A world safe for Black women and girls
June, 2020
By Megan Juelfs
Virginia Community Voice Board Member
In the wake of the outrage sparked by the brutal killing of Breonna Taylor, George Floyd, Ahmed Arbery, and too many others to count, displays of solidarity with communities of color have become common, almost expected. Countless companies have issued press releases, and thousands of people rushed to post black squares on social media in solidarity, even as their actions drowned out black voices. These sorts of actions are appealing because they are easy and do not require the hard work of understanding, or changing, the world in which we live.
It is easier to be outraged at the violence that is daily enacted on black and brown people than it is to admit that, as a white woman, I am the justification for that violence. All Americans live in a system that is built to protect white women:
It is the myth of white women’s “vulnerability” that sets up the myth of black male criminality. In American history, we arrested black men for speaking too loudly in the presence of a white woman, and Amy Cooper is only the most recent evidence that this is still true.
It is the myth of white women’s “purity” that sets the standard of what it means to be a woman, allowing society to penalize black women for failing to conform to an impossible standard.
Taken together, when the “vulnerability” and “purity” of white women become internalized by a society, it cultivates fear in white women and protective impulses in the institutions set up to defend her. This has dire, and often deadly, consequences for people of color.

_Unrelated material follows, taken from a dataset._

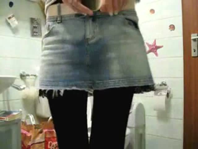 Blonde babe has a really big ass as she's pooping in the toilet. She was smiling all the time.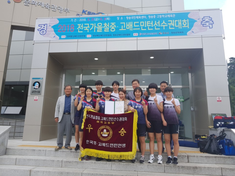 청송여고는 6일 경상북도 청송군 청송국민체육센터에서 열린 2018 전국가을철중고배드민턴선수권대회 여자고등부 단체전 결승에서 장곡고등학교를 3-0으로 꺾고 정상에 올랐다.

I live in a world built around the fears of white women, and it has called down violence, terror, and death on communities of color. Instead of centering the fears of white women what would it mean, in the words of Brittany Cooper, “...to build a world in which Black women and Black girls are safe?”
Black women have been trying to build a world that is safe for them and those that they love for more than 400 years. For white women to join the work of building a safe world means listening to the needs of Black women and then organizing with them--not for them--in that struggle.
While important, it’s not enough to call out racism to our friends and family in private and in public, we must be actively working to dismantle the systems that, from the inception of the nation, have prioritized the needs and fears of white men and women over needs and safety of all other people.
As leaders at work, we must dismantle and change the institutions that also uphold white supremacy. This means asking and acting on questions like:
Does my organization subjugate, even unintentionally, those we claim to serve?
Are we making decisions on behalf of a community that doesn’t look like us, and isn’t represented in our leadership?
Who makes up our organization’s board and upper management?
Until tables with power reflect the larger society, all of our efforts, no matter how well-intentioned, will reinforce the existing system.
In our rush to be allies, we’re going to mess up. The fear of messing up can be paralyzing, but that is another way to center white people’s fears. We will be called out and it will be uncomfortable. Our first reaction might be to get defensive: we didn’t mean to cause harm. Instead, we need to meet these moments with humility and listen to allow it to be a chance for growth. Each of us is needed to end white supremacy and to make this world safe for our Black women and those they love.